Although it is extremely easy to manufacture, the present invention particularly allows the reinforcing fiber layer to be impregnated with a fast-curing adhesive and the surface to be molded to be smooth, resulting in excellent sliding properties. Moreover, it is possible to manufacture beautiful molded products without bridge marks or texture marks on the surface, and it is simple in structure and easy to implement, and it is suitable for press molding or injection molding. .

It is useful for manufacturing various molds such as vacuum molds, FRP molds, and RIM molds, or casting models.

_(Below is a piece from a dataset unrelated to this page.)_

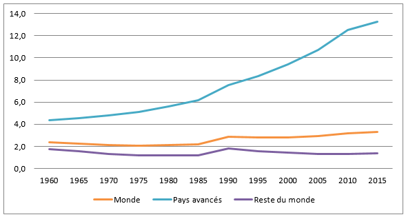 Note : les pays avancés regroupent les pays de l’OCDE hors Chili, Mexique, Turquie, Lettonie, Pologne, Slovaquie, Corée du Sud et Hongrie. En 2015, ce groupe de pays représente 13% de la population mondiale. Un migrant est défini comme une personne qui réside dans un pays où il n’est pas né.
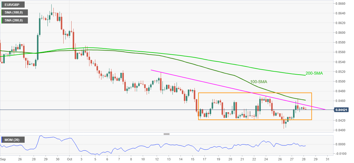 EUR/GBP remains sidelined around 0.8445, keeping a two-week-long trading range as European traders brace for the key Thursday.

[Brief explanation of the drawing]

FIGS. 1, 2, and 3 are cross-sectional views sequentially illustrating the state in which a resin mold is manufactured by implementing the resin mold manufacturing method according to the present invention. 1 is a mold, 2 is a base mold, 3 is a reinforcing fiber layer impregnated with a fast-curing adhesive, 4 is an intermediate paste layer, 5 is a sand core or cement, and 10 is a resin mold manufactured according to the present invention. Resin Machine Mold Co., Ltd.

Claims (1)

[Claims] A resin mold in which reinforcing fibers such as synthetic fibers or metal fibers are stretched over the surface of a base mold coated with a mold release agent, and the surface is reinforced with a reinforcing fiber layer by filling this base mold with sand core or cement. A method for manufacturing a resin mold, characterized in that the surface of the reinforcing fiber layer is impregnated with a fast-curing adhesive to form the surface of the resin mold.